Les partenariats public privé sont utilisés dans divers secteurs économiques, y compris dans des secteurs relevant d'activités régaliennes de l'Etat.
Les domaines visés sont notamment les infrastructures, les transports (transports urbains, ponts – par exemple le pont de Normandie, tunnels – par exemple Eurotunnel, ports, aéroports etc.), la distribution et de l'assainissement de l'eau, les équipements culturels et sportifs (par exemple le Futuroscope et le Stade de France), de la science (recherche & développement), ou la justice (p. ex. prisons) et la défense (p. ex. conversion des sites).

Ces partenariats peuvent porter sur la réalisation et l'exploitation d'infrastructures (tunnels…) ou sur la simple exécution de services (transports en commun urbains…), et sont susceptibles d'être mis en œuvre tant au niveau local qu'au niveau national

Aides publiques

Cette expression désigne l'ensemble des aides, directes ou indirectes, susceptibles d'être apportées par l'Etats et ses démembrements à des personnes publiques ou privées, dans le cadre ou non d'un contrat.

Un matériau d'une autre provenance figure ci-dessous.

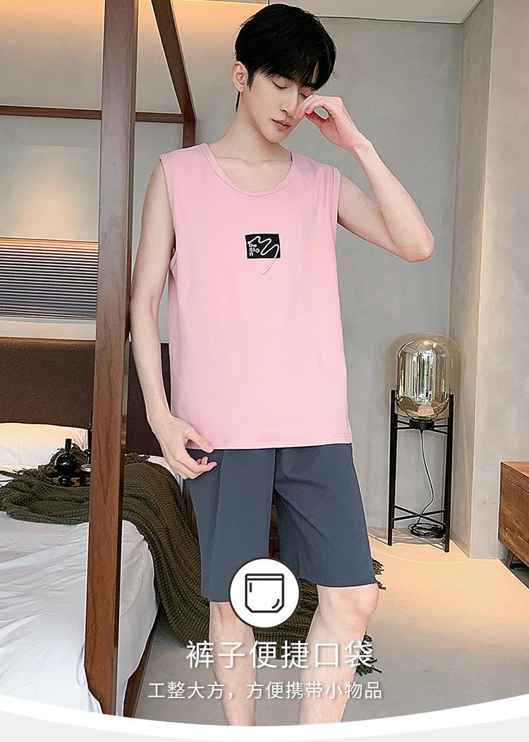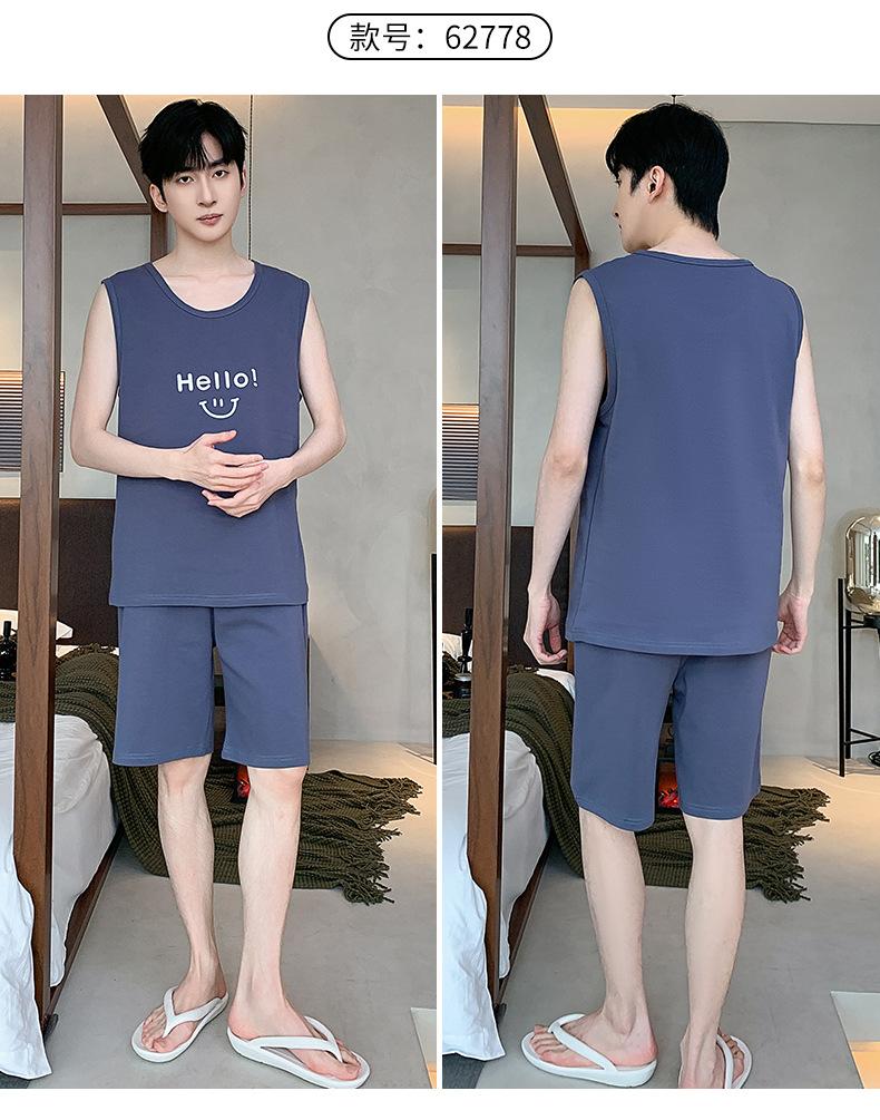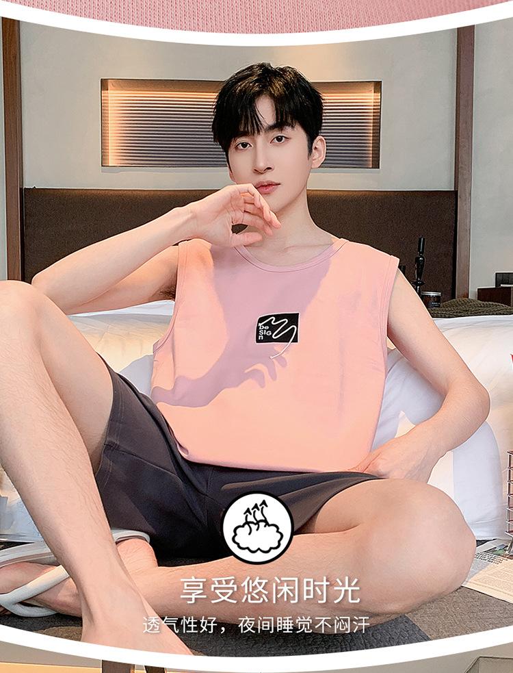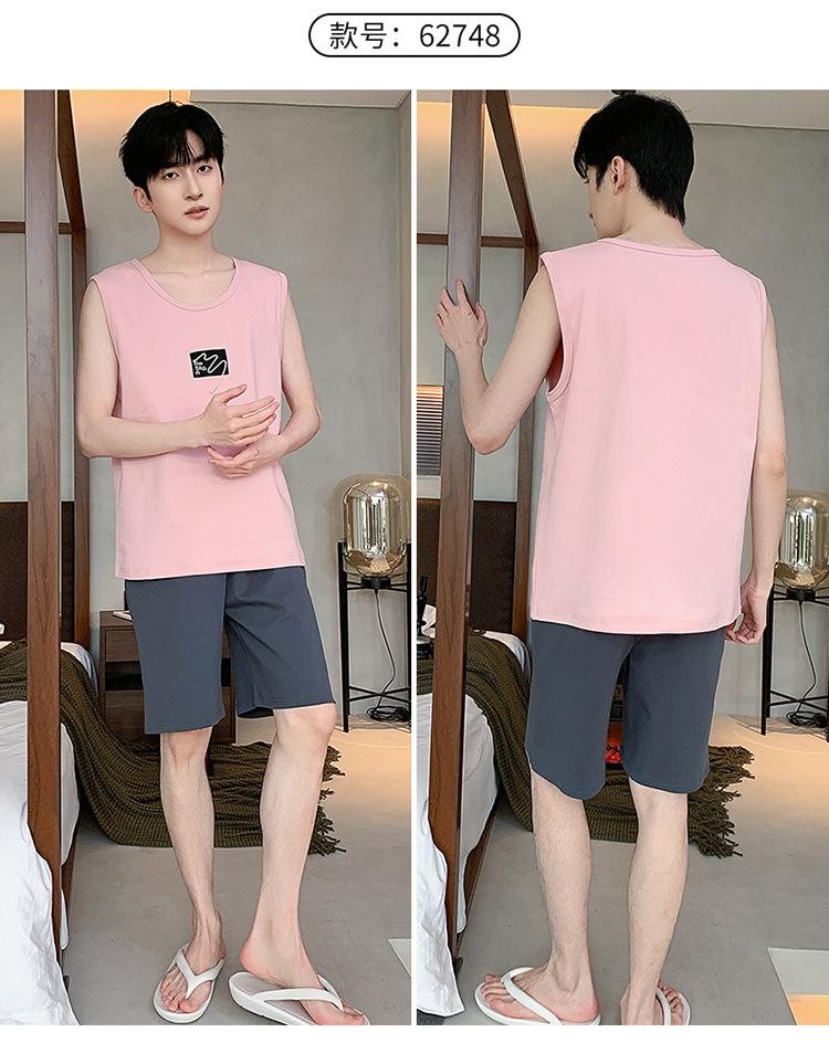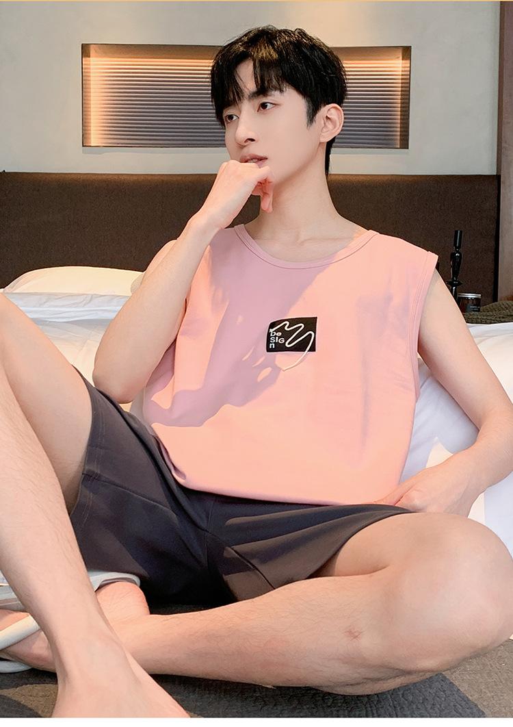 Pijama de verano para hombre 100 % algodón, sin mangas, de manga corta, informal, de color liso, para uso en el hogar, ideal para jóvenes, para usar al aire libre.

Citons notamment les aides économiques accordées par des collectivités territoriales aux entreprises pour créer ou étendre une activité économique, directes (financières) ou indirectes (par exemple la location ou la mise à disposition de terrains ou d'immeubles et les aides au conseil ou à la gestion) ; les subventions apportées par une commune à une association sans but lucratif assurant une activité d'intérêt général (notamment dans le domaine culturel).

Les aides publiques font l'objet d'une réglementation très stricte, dont les sources sont à la fois nationales et communautaires, s'agissant principalement de leur objet et de la personnalité de la collectivité et du bénéficiaire.
Ainsi, ces aides sont soumises à des principes généraux en matière d'interventions économiques des collectivités locales (liberté du commerce et de l'industrie, principe d'égalité des citoyens devant la loi, respect du droit communautaire en la matière), certaines aides ne peuvent être versées que par des catégories définies de collectivités et certaines associations ne peuvent pas recevoir de subventions.